Он бы и дальше относился к чудачеству пожилого гражданина как к периодической мелкой неприятности, если бы однажды запущенный самолётик не клюнул его своим острым бумажным носиком в щёку.

Настроение у Станислава Геродотовича в тот раз не сложилось. Рабочий день выдался тяжёлым, студенты были как-то уныло нелюбопытны, больные — вязко раздражительны, а главврач придирался больше чем обычно и не по делу. В пакете, после магазина, болтались только коробка молока да коляска кровяной колбасы, а лето клонилось к осени. В общем, происшествие стало последней каплей, переполнившей чашу судьбы.

Станислав Геродотович порывисто поднял самолётик и сердито задрал голову. Из окна ему довольно улыбнулось лицо дедушки — вот у него-то, кажется, настроение было замечательным несоответственно совершённому деянию.
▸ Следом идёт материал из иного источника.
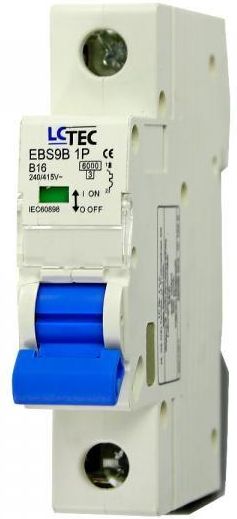 Wyłącznik nadprądowy B 6A 1P 6kA EBS9B LC-Tec. Wyłączniki nadprądowe przeznaczone są do zabezpieczania obwodów elektrycznych przez skutkami przeciążeń i zwarć w instalacjach 1-fazowych. Eska EBS9B posiada charakterystykę czasową B oraz prąd znamionowy 6A. Posiada znamionową zdolność zwarciową 6kA. Najważniejszą zaletą wyłączników nadmiarowo-prądowych w przeciwieństwie do tradycyjnych wkładek bezpiecznikowych - jest możliwość wielokrotnego ich użycia. O przewadze nad wkładkami topikowymi decyduje również wysoka czułość działania. Możliwość plombowania w pozycji ZAŁ/WYŁ. Wyłącznik instalacyjny B 6A LC-Tec to eska 1-polowa, do montażu na szynie TH-35. Model 1-biegunowy, maksymalny przekrój przewodów 25mm2. Wyłącznik instalacyjny B6 może być montowany wyłącznie przez osoby uprawione. Przed jego montażem konieczne jest odłączenie elektryki. Producent daje 5 lat gwarancji na wyłączniki nadprądowe serii EBS9B. Dane szczegółowe producenta znaleźć można TUTAJ UWAGA! Zdjęcie jedynie poglądowe.
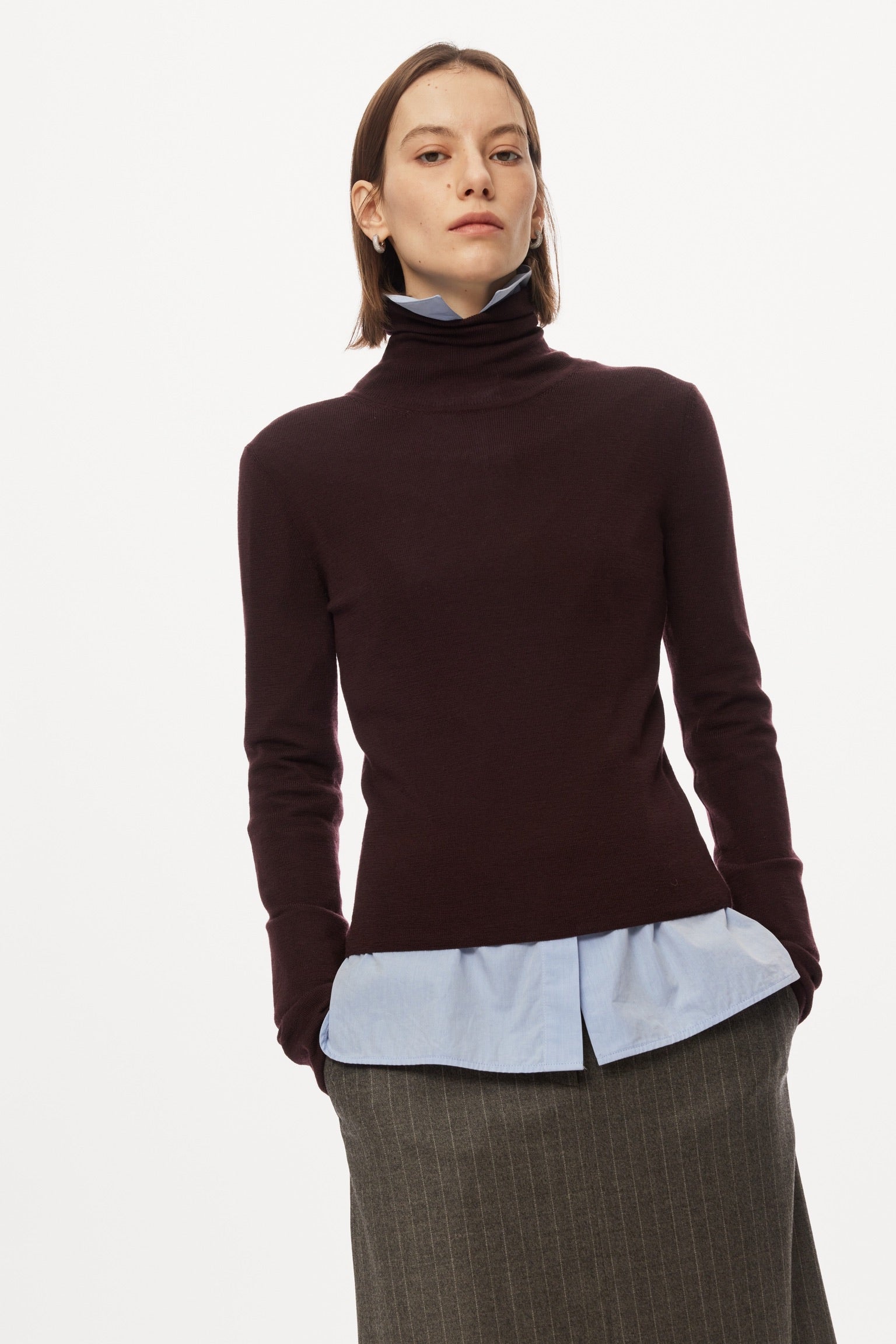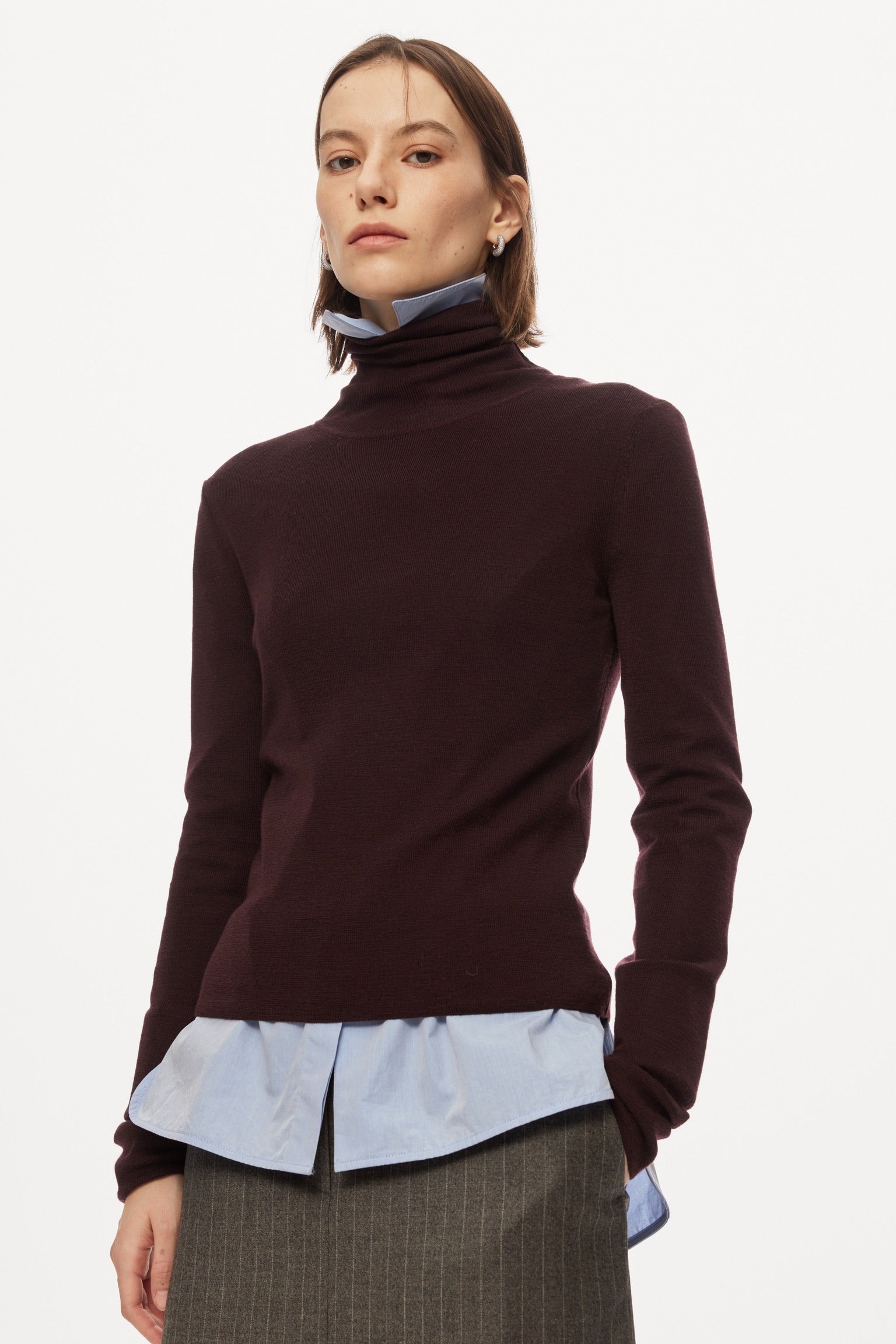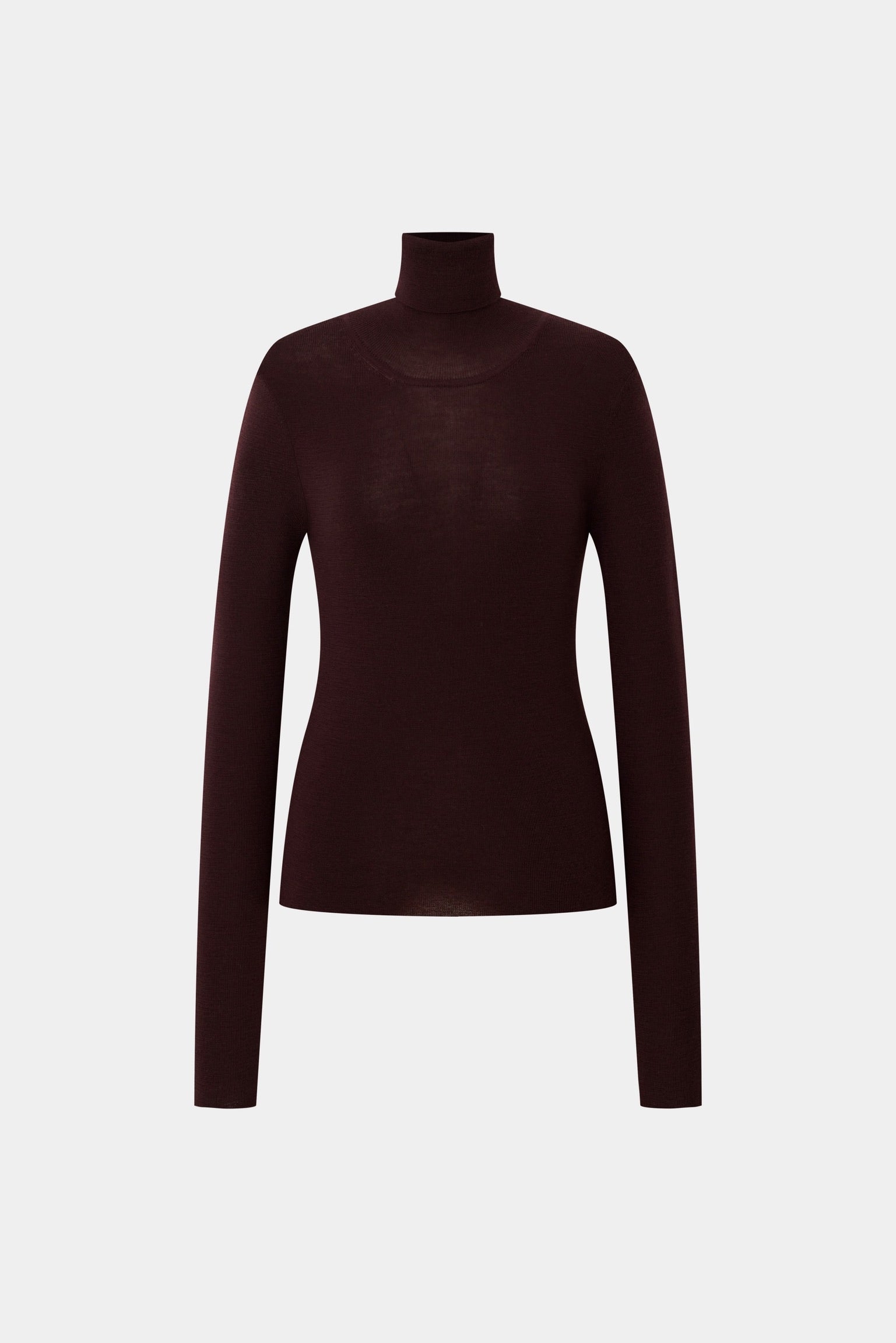 A timeless turtleneck in a deep red-wine hue. Scott’s fine-gauge knit sits close to the body for a clean, elegant silhouette — wear it alone with a skirt or layered under a blazer for instant polish. Minimal details, maximum versatility.

Станислав Геродотович уже хотел было смять изделие и тут же высказать самодеятельному авиаконструктору всё, что о нём думает, но заметил, что беспилотный летательный аппарат несёт на себе какое-то послание.
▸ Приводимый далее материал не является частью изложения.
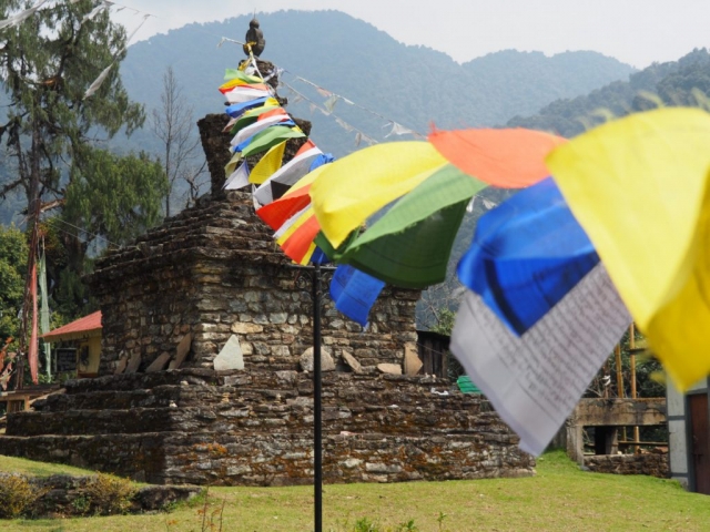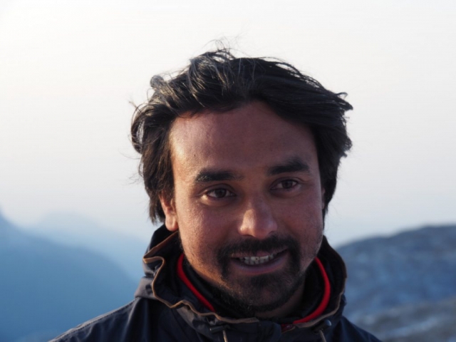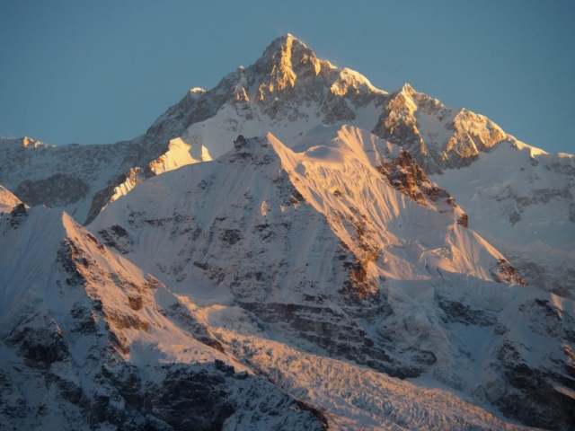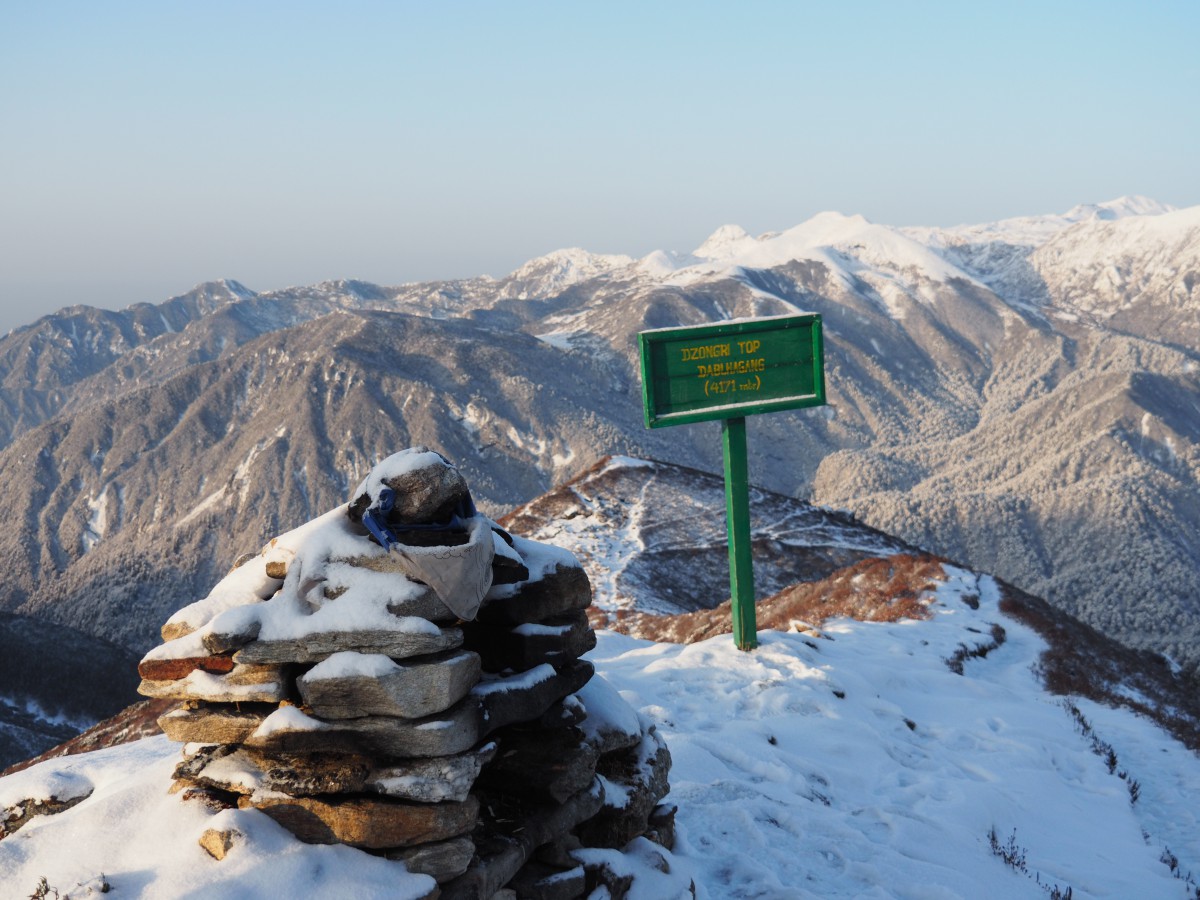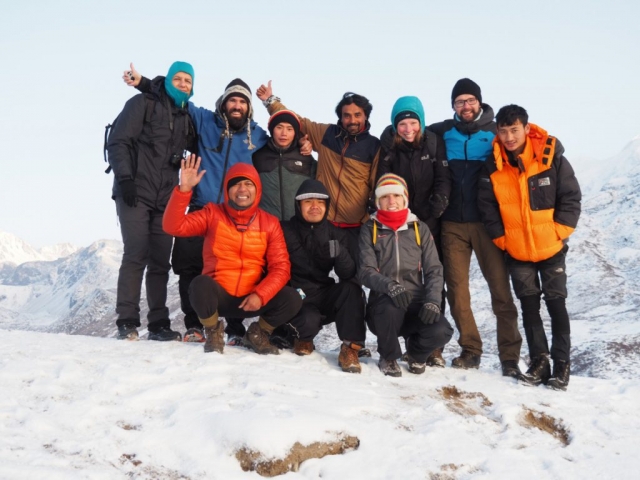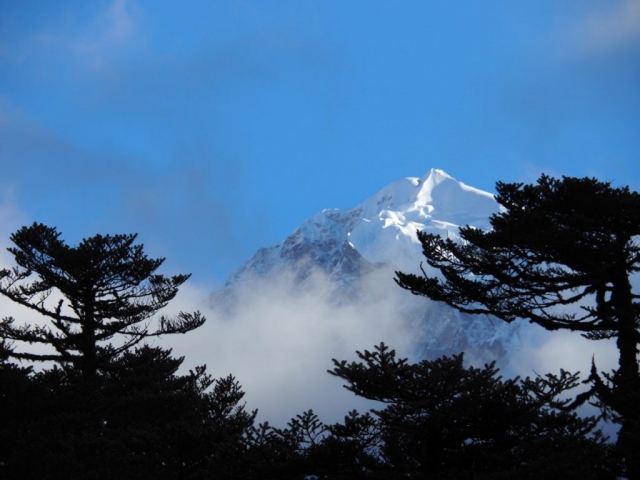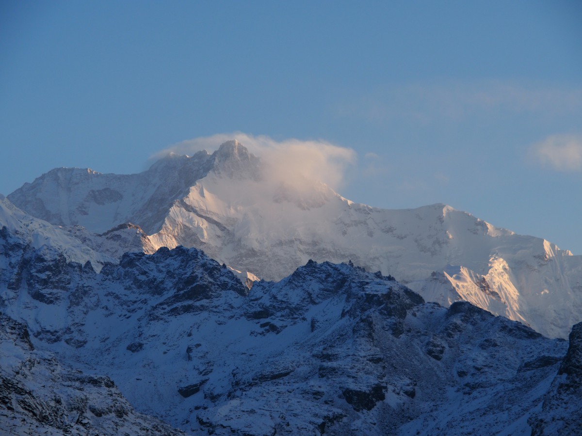 After sunrise and maybe 200 photos it gets quite steep. I feel good, but then I realize that there is no point in hurrying, our guide by the name of Budda is always waiting for the rest of the group. I’m a little surprised that I’m first behind the guide. Our two Spaniards, oh Sorry, a Spaniard and a Catalan, are actually the fittest. Juan is an ultra-marathon runner, but Jordie had altitude sickness the last few days. When the sun transforms the valley into a glittering white, the two guys speed up and overtake us. I realize that I can’t keep up anymore and get in lane behind Conny, who has always set a pace that was just right for me the last few days. A few minutes after the guide and the Spaniards but before the young Indian Vicky we reach the viewpoint totally exhausted. Just breathe, then get the camera out. Or maybe satisfy the massive hunger with our packed lunch? It doesn’t matter, just be quick, the clouds from the valley can arrive at any time. After these matters have been settled, we are staring at this wonder of nature that presents itself before us. We are now only a few kilometers away from the Kangchenjunga, only that with 8586m (28,169 ft) it is four kilometers higher. The GPS with geoid correction shows our altitude at 4620m (15157 ft). That’s as high as it goes, from here on there’s restricted area. I am proud to have made it here without altitude problems and I am totally tired looking for a rock on which I can settle down. I fall asleep in the warm sunshine. Then the clouds arrive, one of us didn’t make it. Suresh, the other Indian, is 56 years old and just a bit too slow. Too bad for him.

"Заходите, поболтаем", - прочитал Станислав Геродотович на крыле самолёта, рядом с неброско нарисованной красной звездой. И на другом крыле: "Кв. N12".

Ну что ж... Очень кстати.

Если бы это воздушное судно несло на своих крылах призыв о помощи ("Помогите! Меня захватили в заложники!" или "Пожалуйста, вызовите скорую!"), Станислав Геродотович понял бы и простил и немедленно отправился бы на помощь. Но панибратского "Заходите, поболтаем"... Ну уж нет!

Он бросил самолётик в урну и быстро поднялся по лестнице тихого, пропахшего пылью и жареным луком, подъезда, попутно подбирая слова и аргументы, коими намеревался пригвоздить не по возрасту хулиганистого дедушку.
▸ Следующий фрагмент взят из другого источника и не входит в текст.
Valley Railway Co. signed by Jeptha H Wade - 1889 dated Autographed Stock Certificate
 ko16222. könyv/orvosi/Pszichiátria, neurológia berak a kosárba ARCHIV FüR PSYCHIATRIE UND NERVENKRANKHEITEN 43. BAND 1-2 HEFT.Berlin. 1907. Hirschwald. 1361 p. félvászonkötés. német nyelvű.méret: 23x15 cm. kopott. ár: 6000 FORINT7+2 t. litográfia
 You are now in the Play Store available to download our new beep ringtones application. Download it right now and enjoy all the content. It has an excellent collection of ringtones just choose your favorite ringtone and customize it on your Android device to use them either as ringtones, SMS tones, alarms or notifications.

В кнопку звонка он вложил всю свою решимость, так что электрическая канарейка долго не могла успокоиться и оглашала прихожую заполошными трелями.

- Оставьте птицу в покое и входите, - услышал он голос старичка. - Дверь не заперта.

Голос был высокий, с добродушной скрипучестью.

В прихожей и в единственной комнате густо пахло валерианой, одинокой старостью и тишиной. Старичок сидел, как и ожидалось, у окна, за столом, и радостно смотрел навстречу гостю.

- Вот и славно, - сказал он, жестом приглашая Станислава Геродотовича проходить и садиться.

Был он на вид очень старенький, сухонький, с мелкими и какими-то неразборчивыми чертами лица. И только глаза его постреливали молодым и острым взглядом из-под седых тонких бровей.

- Что же это вы, милейший, - начал Станислав Геродотович прямо из прихожей и не последовав приглашению. - Что же это вы себе позволяете!

- Ой, да чего только себе, любимому, не позволишь, - улыбнулся хозяин. - Да вы пройдите, сядьте. Можете не разуваться, если за носки беспокоитесь.

Станислав Геродотович опешил и даже задумался на несколько мгновений: беспокоится ли он за свои носки. По всему выходило, что носки у него свежие, без дырок, вроде. И пол в комнате хоть, видно, и давно уже был крашен, однако — чист.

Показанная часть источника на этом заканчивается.